Сейчас наступило обострение из-за того, что, он перетрудил ноги, когда размещал картины. До этого Леопольд Михайлович проводил все дни в Прибежище, так как с картинами оказалось много работы. Но потом повел себя совершенно глупо. Ему, как я понимаю, не хотелось доставлять мне беспокойства, и он уехал к себе домой, когда ему стало особенно худо. Вызвал такси и в мое отсутствие уехал. Я стала ему звонить, он обманывал, говорил, что чувствует себя превосходно, просил не ездить к нему. Я, как дурочка, подумала, что он на меня обижен за что-то и решила сама на него обидеться. Вдруг приезжает Арон и рассказывает, что застал Леопольда Михайловича в беспомощном состоянии, голодного. Представляешь? Он не мог даже в булочную выйти за хлебом. В общем, сразу же привезли его сюда. Я взяла с него слово, что он останется жить в Прибежище. По-моему, в этой его квартире вообще ему жить невозможно, такие там сволочи соседи. Какие-то бабки востроносенькие и неприглядные мужики. Мы с Ароном в прошлое воскресенье отправились, чтобы взять Леопольду Михайловичу кое-какие вещи — белье и т. д. Так нам одна соседка целый допрос устроила — куда, да зачем, да где он теперь, да кто мы ему. Я сказала, что я его племянница, что он сейчас живет у меня. В общем, отшила, как могла, и она отстала. Тут я вышла в сберкассу, чтобы заплатить за квартиру (Л. М. меня попросил), и что же? — соседка эта велела Арону втащить в комнату столик с кухни. Представляешь? Все равно, мол, хозяин не пользуется. Все-таки твой Арон явление! Хоть смейся, хоть плачь, честное слово! Он уж сокрушался, переживал, так себя казнил, что сама я пожалела, что отругала его. Хотел тащить столик обратно, но я не дала. Был бы такой скандал, что потом не расхлебать. Все-таки, коммунальные квартиры это какой-то кошмар, я не представляю себе, как люди могут жить в них десятки лет, всю жизнь.

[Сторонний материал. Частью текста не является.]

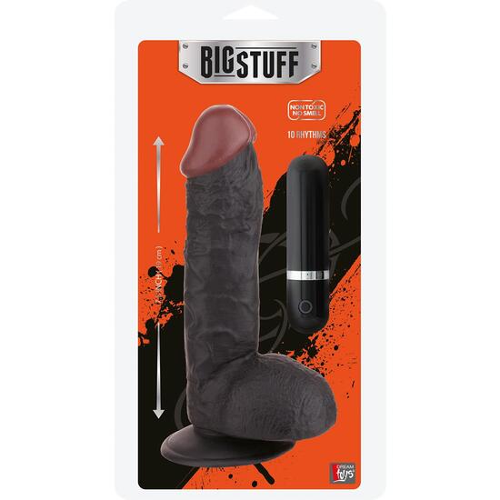 ¡Siente el poder de la masturbación sin límites! El BigStuff 7.5” es un dildo vibrador realista negro que se siente totalmente real. Su eje venoso y escroto firme proporcionan un tacto y aspecto auténtico, ideal tanto para juegos en solitario como en pareja.
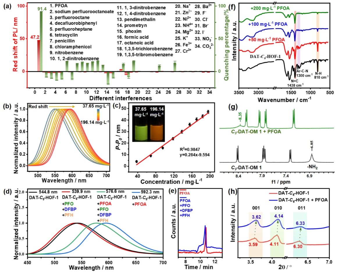 图2.DAT-C6-HOF-1对PFOA检测性能

Зашел однажды вечером твой приятель Виктор. Тебя разыскивал. Я ему открыла, и он с порога хотел уйти, когда я сказала, что тебя нет в Москве. Я догадалась, что ты ему нужен неспроста. Как я знаю, вы редко встречаетесь, правда же? Спросила его: «Может быть, у вас неприятности какие-нибудь? Вас из-за картин не беспокоили больше?» Он не знал, как лучше мне ответить, и я поняла, что так оно и есть. Я стала его звать зайти в дом, но он ни за что не захотел зайти. Спросил только про Вареньку, все ли у нее в порядке и в Нахабино ли она живет. Я сказала, что Варенька живет в Москве, у знакомой. Он обрадовался, повеселел и сказал, что ерунда, что он за Вареньку беспокоился, а вообще-то беспокоиться нечего. Так я толком ничего не добилась. Просил, чтобы ты сразу ему звонил, когда вернешься. Откровенно говоря, я и не очень хотела, чтобы Л. М. узнавал сейчас о неприятных новостях. Арону я рассказала про все. Он тоже считает, что Л. М. лучше ничего не говорить, а надо дождаться тебя. Он нам несколько раз читал стихи. Я не представляла, что в спокойной обстановке он может читать неплохо, только надо привыкнуть к его манере. Он иногда начинает бормотать, как будто забывает, что его слушают. Но так это и есть на самом деле.

Что рассказать еще? Про Толика, например. Он часто сидит у нас весь день и рисует не переставая. Сидит около босфорской женщины и вдохновляется. Она ему служит неизменной моделью. А рисует он балет. Да-да, не удивляйся. Впрочем, стоит именно удивляться: он рисует пастелью десятки (даже сотни уже!) листов, на которых неизменно присутствует пара фигур, женская и мужская,то обнаженные, то в драпировках наподобие хитонов. Позы их варьируются бесконечно, на каждом листе все по-своему. Это как бы кадры какого-то танца любви. Вернее, нет, не танца любви, а танца мечты о любви. И в этом, по-моему, вся прелесть. Подозреваю, что Толик еще никогда не держал в объятиях женщину. (Это между нами!) А босфорский мрамор служит ему живой натурой. И я не знаю, грустно это или прекрасно.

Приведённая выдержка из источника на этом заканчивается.